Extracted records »

────────

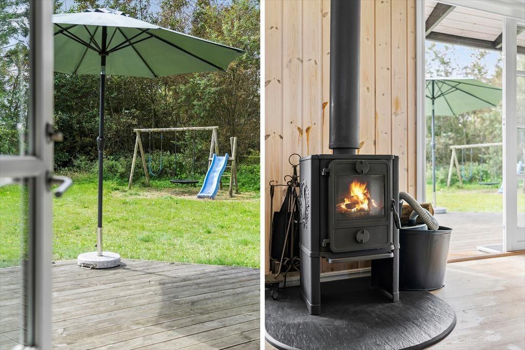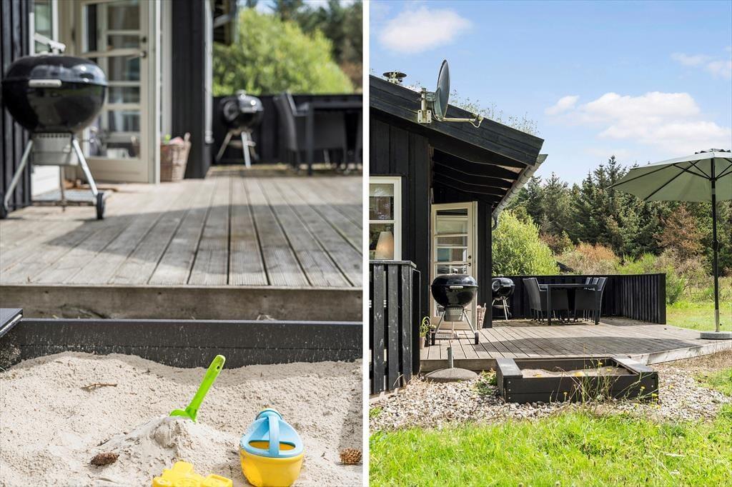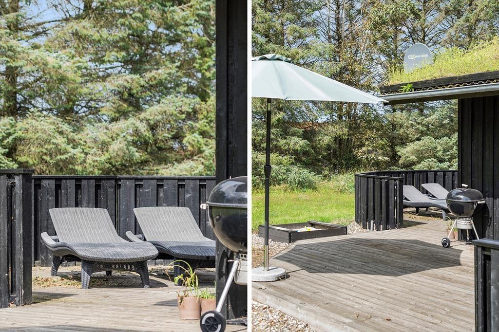 Træd ud på den dejlige store terrasse og mærk solen varme. Terrasseområdet byder på rig mulighed for at slappe af og nyde udendørslivet, hvad enten du vil solbade, læse en bog eller nyde en lækker middag under åben himmel. Om aftenen kan I tænde op i grillen og spise under stjernerne, mens I lytter til naturens lyde omkring jer. Huset ligger på en naturgrund, hvilket giver en følelse af at være helt tæt på naturen, samtidig med at stranden kun er en kort gåtur væk – perfekt til morgenbad eller en tur langs vandet.
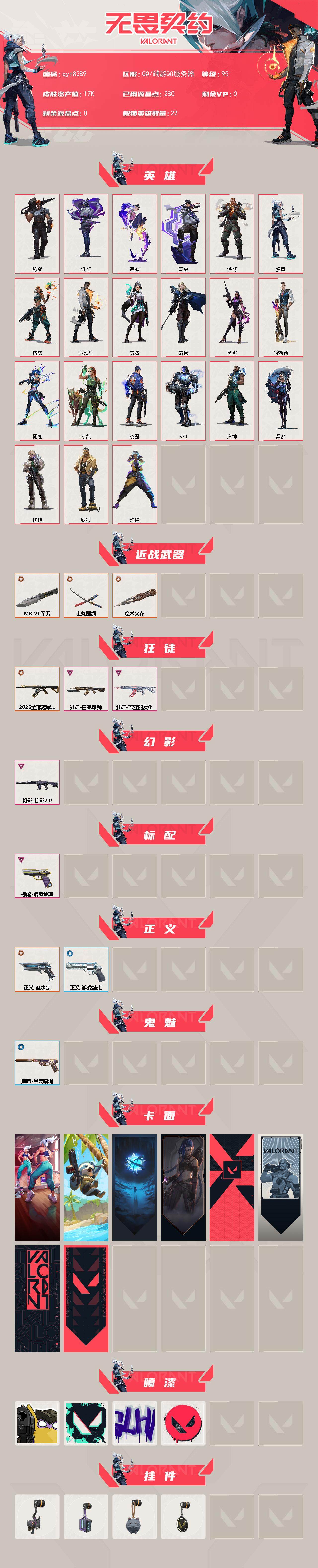 【qyz8389】铂金极品号 速出 qyz8389 近战武器皮肤: MK.VII自由强袭军刀,鬼丸国纲,魔术火花 步枪皮肤: 狂徒-盖亚的复仇,狂徒-日冕雄师,幻影-掠影2.0,2025全球冠军赛 狂徒 佩枪皮肤: 标配-紫阙金琅,正义-塑水宗 亮点: 【qyz8389】【英雄】:幻棱,炼狱,维斯,暮蝶,钛狐,壹决,铁臂,捷风,雷兹,不死鸟,贤者,猎枭,芮娜,尚勃勒,霓虹,斯凯,夜露,K/O,海神,黑梦,钢锁【近战武器】:近战武器-魔术火花,近战武器-鬼丸国纲,近战武器-MK.VII 自由强袭
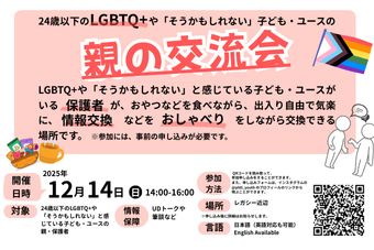 プライドハウス東京レガシーには、24歳以下のLGBTQ+や「そうかもしれない」と感じている子どもやユースの方を対象にしたイベントや相談プログラムがあります。
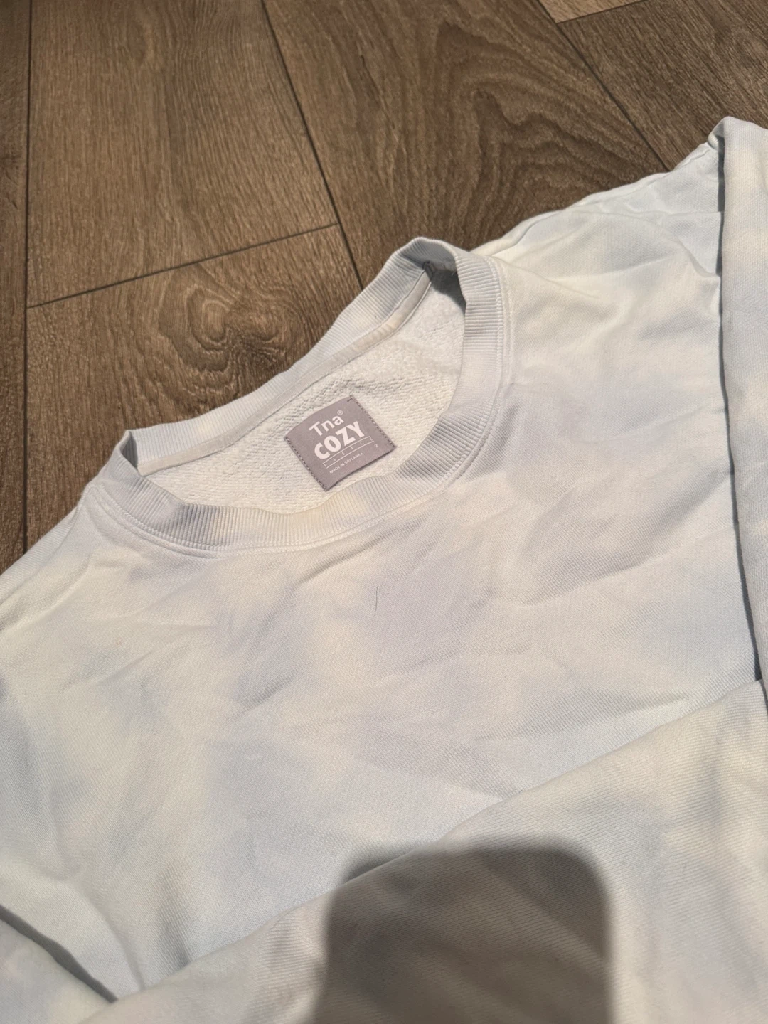 103Selling a Tna Cozy fleece sweatshirt in a lovely light blue colour! It's super soft and comfortable, perfect for lounging or layering. The material is a nice, thick fleece that will keep you warm on cooler days. It's in great condition and ready for a new home!
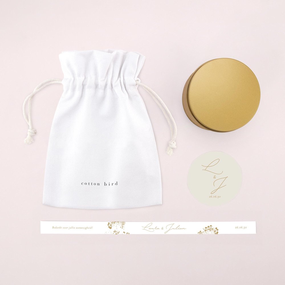 Het elegante gouden doosje kan je zelf personaliseren met de namen van het bruidspaar, de datum van het huwelijk, en een persoonlijke tekst.
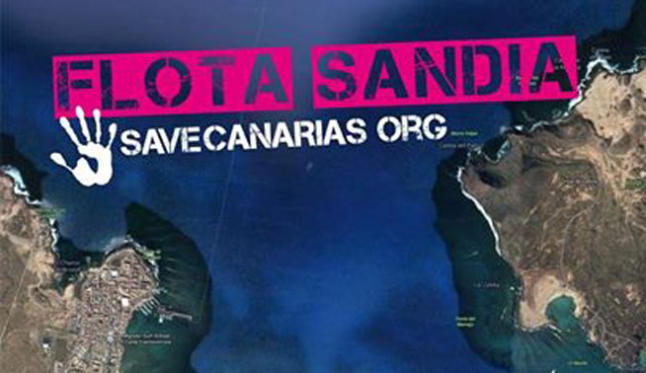 La salida de la 'Flota Sandía', la flotilla de embarcaciones que iba a partir el domingo de Islas de Lobos hacia la zona donde Repsol realiza los sondeos para realizar una manifestación marítima y labores de "vigilancia ambiental”, se ha pospuesto debido al mar estado de la mar a causa del temporal.
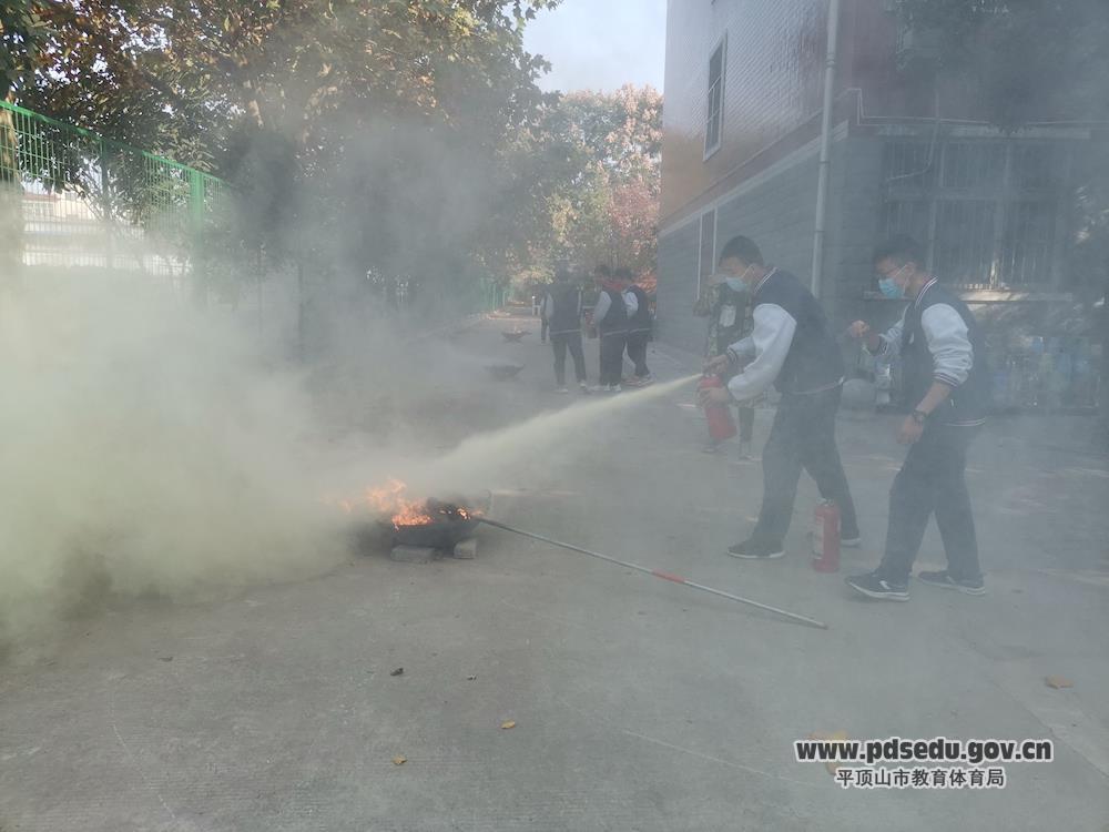 之后,进行了灭火演练。首先,由校保卫科科长王晓东向全体师生讲解了灭火器的使用方法。然后分别由各班学生代表、教师代表、学生公寓管理员、膳食科管理人员进行了灭火演练。
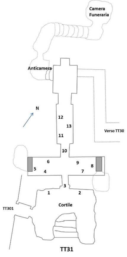 - nicchia/cappella[29]: scoperta, perché murata, solo durante i lavori di consolidamento e restauro del 1925, presenta i dipinti parietali più belli e meglio conservati della TT31.
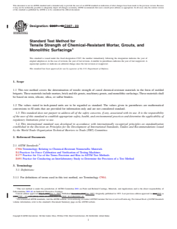 ASTM C307-23 is a standard published by ASTM International. Its full title is "Standard Test Method for Tensile Strength of Chemical-Resistant Mortar, Grouts, and Monolithic Surfacings". This standard covers: SIGNIFICANCE AND USE 4.1 It is recognized that chemical-resistant mortars, grouts, and monolithic surfacings are not usually under tension when in service; however, such data are useful for purposes of determining the rate of cure and other properties. 4.2 This test method is not recommended for mortars, grouts, and monolithic surfacings containing aggregate greater than 1/4 in. SCOPE 1.1 This test method covers the determination of tensile strength of cured chemical-resistant materials in the form of molded briquets. These materials include mortars, brick and tile grouts, machinery grouts, and monolithic surfacings. These materials shall be based on resin, silicate, silica, or sulfur binders. 1.2 The values stated in inch-pound units are to be regarded as standard. The values given in parentheses are mathematical conversions to SI units that are provided for information only and are not considered standard. 1.3 This standard does not purport to address all of the safety concerns, if any, associated with its use. It is the responsibility of the user of this standard to establish appropriate safety, health, and environmental practices and determine the applicability of regulatory limitations prior to use. 1.4 This international standard was developed in accordance with internationally recognized principles on standardization established in the Decision on Principles for the Development of International Standards, Guides and Recommendations issued by the World Trade Organization Technical Barriers to Trade (TBT) Committee.

────────

Assigned task » Would you print all of the entries exactly, omitting any image?

Exercise response »
 Træd ud på den dejlige store terrasse og mærk solen varme. Terrasseområdet byder på rig mulighed for at slappe af og nyde udendørslivet, hvad enten du vil solbade, læse en bog eller nyde en lækker middag under åben himmel. Om aftenen kan I tænde op i grillen og spise under stjernerne, mens I lytter til naturens lyde omkring jer. Huset ligger på en naturgrund, hvilket giver en følelse af at være helt tæt på naturen, samtidig med at stranden kun er en kort gåtur væk – perfekt til morgenbad eller en tur langs vandet.
 【qyz8389】铂金极品号 速出 qyz8389 近战武器皮肤: MK.VII自由强袭军刀,鬼丸国纲,魔术火花 步枪皮肤: 狂徒-盖亚的复仇,狂徒-日冕雄师,幻影-掠影2.0,2025全球冠军赛 狂徒 佩枪皮肤: 标配-紫阙金琅,正义-塑水宗 亮点: 【qyz8389】【英雄】:幻棱,炼狱,维斯,暮蝶,钛狐,壹决,铁臂,捷风,雷兹,不死鸟,贤者,猎枭,芮娜,尚勃勒,霓虹,斯凯,夜露,K/O,海神,黑梦,钢锁【近战武器】:近战武器-魔术火花,近战武器-鬼丸国纲,近战武器-MK.VII 自由强袭
 プライドハウス東京レガシーには、24歳以下のLGBTQ+や「そうかもしれない」と感じている子どもやユースの方を対象にしたイベントや相談プログラムがあります。
 103Selling a Tna Cozy fleece sweatshirt in a lovely light blue colour! It's super soft and comfortable, perfect for lounging or layering. The material is a nice, thick fleece that will keep you warm on cooler days. It's in great condition and ready for a new home!
 Het elegante gouden doosje kan je zelf personaliseren met de namen van het bruidspaar, de datum van het huwelijk, en een persoonlijke tekst.
 La salida de la 'Flota Sandía', la flotilla de embarcaciones que iba a partir el domingo de Islas de Lobos hacia la zona donde Repsol realiza los sondeos para realizar una manifestación marítima y labores de "vigilancia ambiental”, se ha pospuesto debido al mar estado de la mar a causa del temporal.
 之后,进行了灭火演练。首先,由校保卫科科长王晓东向全体师生讲解了灭火器的使用方法。然后分别由各班学生代表、教师代表、学生公寓管理员、膳食科管理人员进行了灭火演练。
 - nicchia/cappella[29]: scoperta, perché murata, solo durante i lavori di consolidamento e restauro del 1925, presenta i dipinti parietali più belli e meglio conservati della TT31.
 ASTM C307-23 is a standard published by ASTM International. Its full title is "Standard Test Method for Tensile Strength of Chemical-Resistant Mortar, Grouts, and Monolithic Surfacings". This standard covers: SIGNIFICANCE AND USE 4.1 It is recognized that chemical-resistant mortars, grouts, and monolithic surfacings are not usually under tension when in service; however, such data are useful for purposes of determining the rate of cure and other properties. 4.2 This test method is not recommended for mortars, grouts, and monolithic surfacings containing aggregate greater than 1/4 in. SCOPE 1.1 This test method covers the determination of tensile strength of cured chemical-resistant materials in the form of molded briquets. These materials include mortars, brick and tile grouts, machinery grouts, and monolithic surfacings. These materials shall be based on resin, silicate, silica, or sulfur binders. 1.2 The values stated in inch-pound units are to be regarded as standard. The values given in parentheses are mathematical conversions to SI units that are provided for information only and are not considered standard. 1.3 This standard does not purport to address all of the safety concerns, if any, associated with its use. It is the responsibility of the user of this standard to establish appropriate safety, health, and environmental practices and determine the applicability of regulatory limitations prior to use. 1.4 This international standard was developed in accordance with internationally recognized principles on standardization established in the Decision on Principles for the Development of International Standards, Guides and Recommendations issued by the World Trade Organization Technical Barriers to Trade (TBT) Committee.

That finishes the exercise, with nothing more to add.